• **PROBLEM DESCRIPTION**
Give back an exact copy of the listing that follows, without the pictures.

• **PROVIDED MATERIAL**
++++++

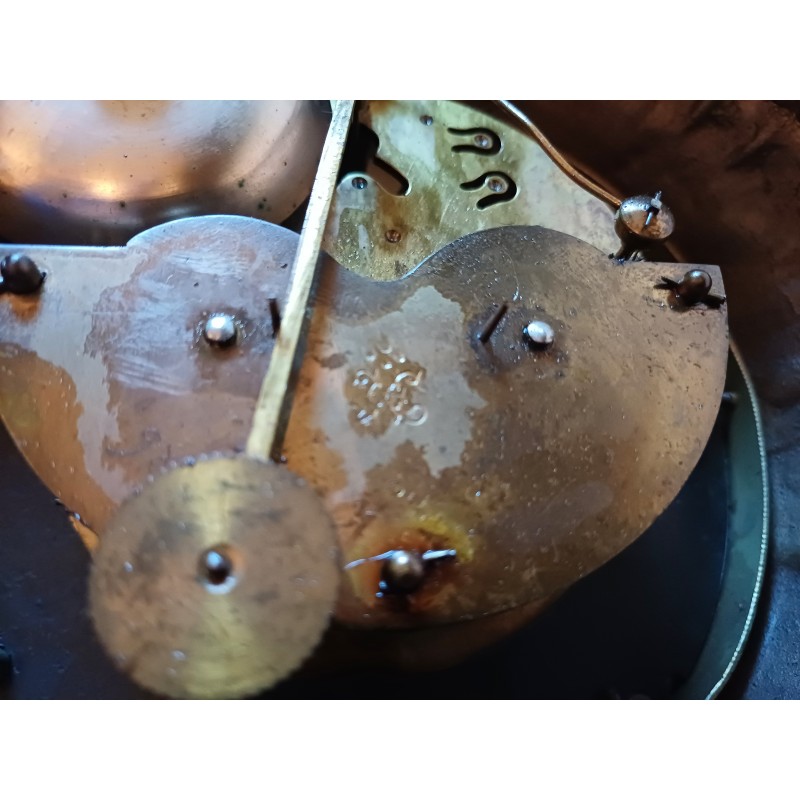 Horloge Murale 19 éme en Fonte , Laiton et verre , Haut : 61 cm , long et larg : 41 cm sur 9 cm , poids : 7,6 Kg , très bon état
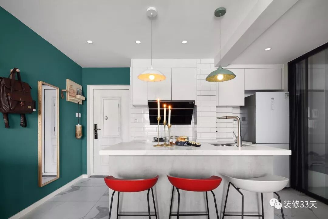 ▲ 工字铺白色瓷砖与祖母绿背景协调搭配,吧台上方的吊灯让空间更有层次感
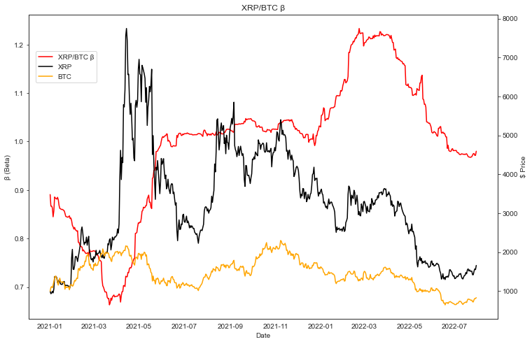 Slightly lower Beta! XRP is definitely less correlated to BTC than ETH. Does that mean it's less risky? Well Beta doesn't take into account pending FTC settlements, so we definitely only have part of the story. But it definitely does help inform our understanding of the risks of some of these investments while highlighting the fact that this risk measurement only takes into account price movements when something like XRP has many external factors guiding its price.
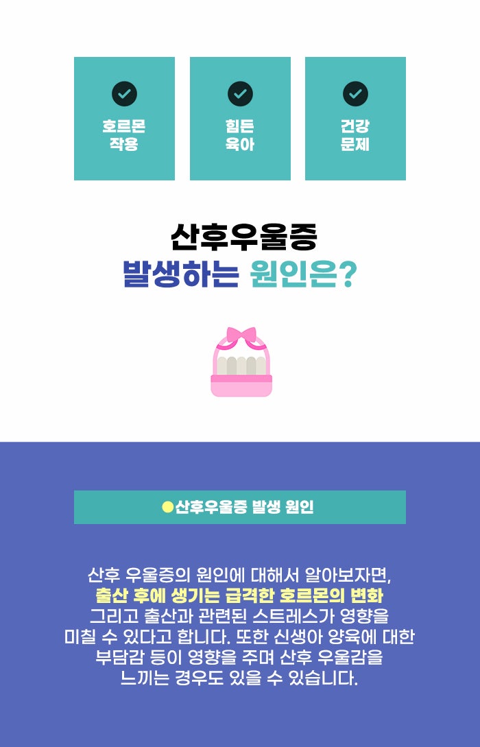 출산 후에 신체적 어려움을 겪는 것만이 아니라, 심리적 어려움을 겪는 분도 있습니다. 특히 요즘은 육아의 부담이 아이를 낳은 부부에게 더욱 클 수 있는데요. 과거에는 아이 양육을 함께할 수 있는 가족구성원이 많았지만, 현재는 그렇지 않다 보니 아이 양육에 대한 부담이 더욱 커지고 있는 것 같습니다. 이런 육아에 대한 부담과 신생아에 대한 책임감, 그리고 호르몬 변화 등의 작용으로 생기는 출산 후 우울감이 있습니다.

++++++

• **OUTPUT**
 Horloge Murale 19 éme en Fonte , Laiton et verre , Haut : 61 cm , long et larg : 41 cm sur 9 cm , poids : 7,6 Kg , très bon état
 ▲ 工字铺白色瓷砖与祖母绿背景协调搭配,吧台上方的吊灯让空间更有层次感
 Slightly lower Beta! XRP is definitely less correlated to BTC than ETH. Does that mean it's less risky? Well Beta doesn't take into account pending FTC settlements, so we definitely only have part of the story. But it definitely does help inform our understanding of the risks of some of these investments while highlighting the fact that this risk measurement only takes into account price movements when something like XRP has many external factors guiding its price.
 출산 후에 신체적 어려움을 겪는 것만이 아니라, 심리적 어려움을 겪는 분도 있습니다. 특히 요즘은 육아의 부담이 아이를 낳은 부부에게 더욱 클 수 있는데요. 과거에는 아이 양육을 함께할 수 있는 가족구성원이 많았지만, 현재는 그렇지 않다 보니 아이 양육에 대한 부담이 더욱 커지고 있는 것 같습니다. 이런 육아에 대한 부담과 신생아에 대한 책임감, 그리고 호르몬 변화 등의 작용으로 생기는 출산 후 우울감이 있습니다.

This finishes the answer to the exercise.